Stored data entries
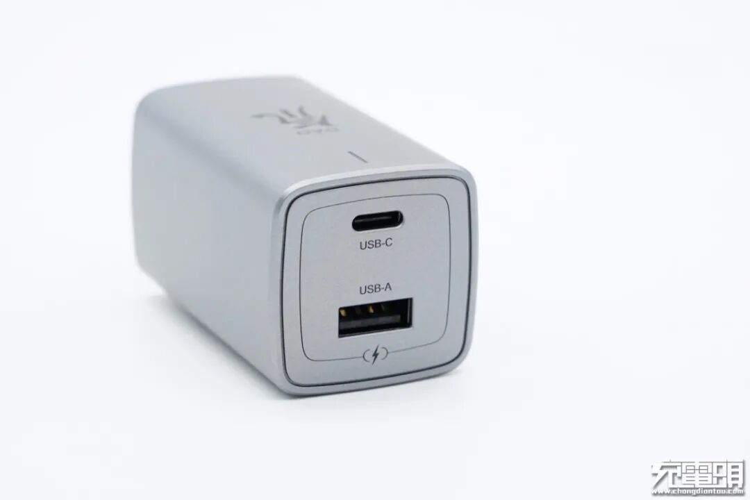 输出顶面配有1A1C两个接口,接口均为黑色胶芯,旁边印有USB-C和USB-A标识。
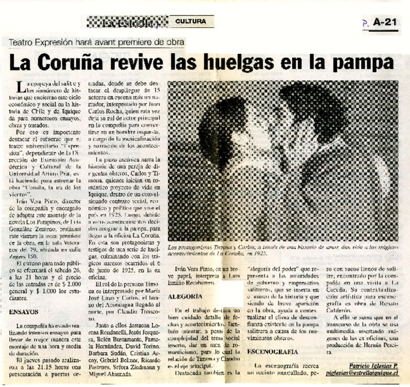 La Coruña revive las huelgas en la pampa [artículo] Patricio Iglesias P.
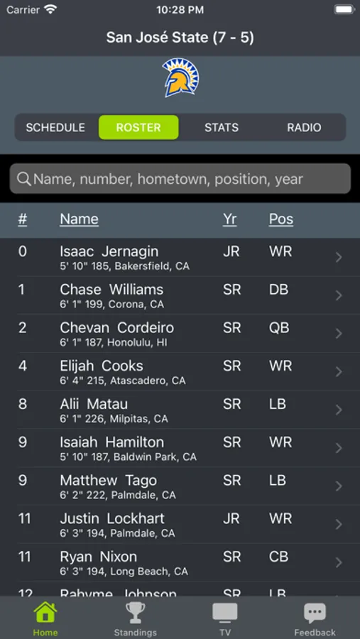 San Jose State Football App provides scores, links to live radio, schedules, tv channels, player profiles, and game matchups in one location.
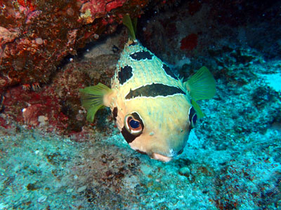 帰りにはサンゴの上にヘコアユがあっちにもこっちにも!!ヒトヅラハリセンボンがサンゴの隙間から顔を出して、
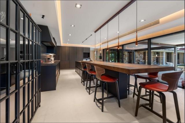 The villa features expansive open-plan interiors filled with natural light, a designer kitchen with Gaggenau appliances, and seamless indoor-outdoor flow through floor-to-ceiling glass doors. Multiple terraces overlook landscaped gardens, a large swimming pool, and private chill-out areas. With guest apartments, a gym, office, and smart home technology, the property offers every convenience for luxury living.
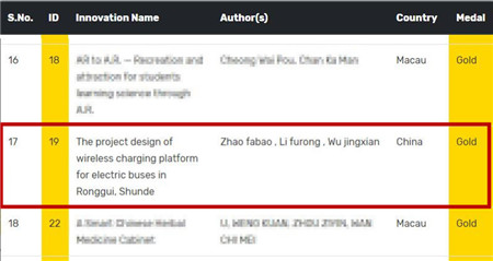 2020年7月6日-8日,受新冠疫情影響,全球首創(chuàng)的虛擬創(chuàng)新博覽會――波蘭“E-NNOVATE”2020在虛擬展臺上盛大開啟,通過在虛擬展臺上展示參加者的創(chuàng)新發(fā)明作品,并進(jìn)行網(wǎng)上評審及給予公眾投票,讓世界各地的發(fā)明界朋友一起分享。 我校趙發(fā)寶、李富榮、吳靖賢等三位同學(xué)的創(chuàng)新參賽作品《順德容桂電動(dòng)公交車無線充電站臺設(shè)計(jì)方案》斬獲“E-NNOVATE”2020國際發(fā)明展金獎(jiǎng)。
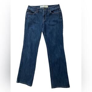 Experience timeless style with these LOFT blue straight leg jeans, featuring a medium to dark blue wash and classic golden stitching. The full-length design offers a versatile fit, perfect for any occasion. Crafted from quality denim, these jeans provide both comfort and durability.
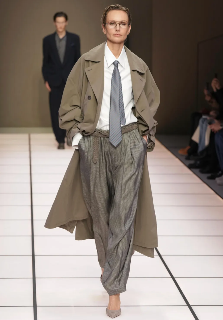 We need to insist on what Milan looks like. The city’s palette is gray, never flat, altered by rain. Armani, today under the direction of Leo Dell’Orco, remains the clearest expression of the Milanese logic

TASK DIRECTIONS:
Keep the pictures out of the copy and write out the data exactly as it stands.

ANSWER SPACE:
 输出顶面配有1A1C两个接口,接口均为黑色胶芯,旁边印有USB-C和USB-A标识。
 La Coruña revive las huelgas en la pampa [artículo] Patricio Iglesias P.
 San Jose State Football App provides scores, links to live radio, schedules, tv channels, player profiles, and game matchups in one location.
 帰りにはサンゴの上にヘコアユがあっちにもこっちにも!!ヒトヅラハリセンボンがサンゴの隙間から顔を出して、
 The villa features expansive open-plan interiors filled with natural light, a designer kitchen with Gaggenau appliances, and seamless indoor-outdoor flow through floor-to-ceiling glass doors. Multiple terraces overlook landscaped gardens, a large swimming pool, and private chill-out areas. With guest apartments, a gym, office, and smart home technology, the property offers every convenience for luxury living.
 2020年7月6日-8日,受新冠疫情影響,全球首創(chuàng)的虛擬創(chuàng)新博覽會――波蘭“E-NNOVATE”2020在虛擬展臺上盛大開啟,通過在虛擬展臺上展示參加者的創(chuàng)新發(fā)明作品,并進(jìn)行網(wǎng)上評審及給予公眾投票,讓世界各地的發(fā)明界朋友一起分享。 我校趙發(fā)寶、李富榮、吳靖賢等三位同學(xué)的創(chuàng)新參賽作品《順德容桂電動(dòng)公交車無線充電站臺設(shè)計(jì)方案》斬獲“E-NNOVATE”2020國際發(fā)明展金獎(jiǎng)。
 Experience timeless style with these LOFT blue straight leg jeans, featuring a medium to dark blue wash and classic golden stitching. The full-length design offers a versatile fit, perfect for any occasion. Crafted from quality denim, these jeans provide both comfort and durability.
 We need to insist on what Milan looks like. The city’s palette is gray, never flat, altered by rain. Armani, today under the direction of Leo Dell’Orco, remains the clearest expression of the Milanese logic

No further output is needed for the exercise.